I’ve always thought that the ‘ideal gap’ was two years so that’s obviously passed us by. However, after speaking with other parents, both on Twitter and in the flesh, I’ve been reliably informed that there is no such thing as the ‘ideal gap’ and it’s all about how you, as a parent, deal with the situations that can arise from having two or more children, no matter what the age difference.
‘Great!’ I thought, ‘I’m not the best Mother around, but I’m not the worst either. I’m a ‘Work-in-Progress’, learning as I go, and Big Man is a fantastic father, we’ll be grand, let’s crack on!’

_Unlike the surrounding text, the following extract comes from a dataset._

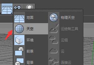 破碎的形态有了,现在要为它赋予“镜子”的质感。首先,新建一个“天空”对象作为环境,这能为后续的玻璃反射提供基础。

So now I’m broody, and I don’t mean looking at babies, coo-ing and thinking ‘How lovely, I’d like another one of those please’. I mean I’m broody to the extent that seeing lickle bubbas on TV or out and about almost brings me to the point of tears. I feel intense jealousy towards ladies announcing they’re pregnant or sharing their scan pictures and I can’t stand the fact that I’ve become that person. Jealousy is not a character trait I like in others and I certainly don’t like to feel it myself.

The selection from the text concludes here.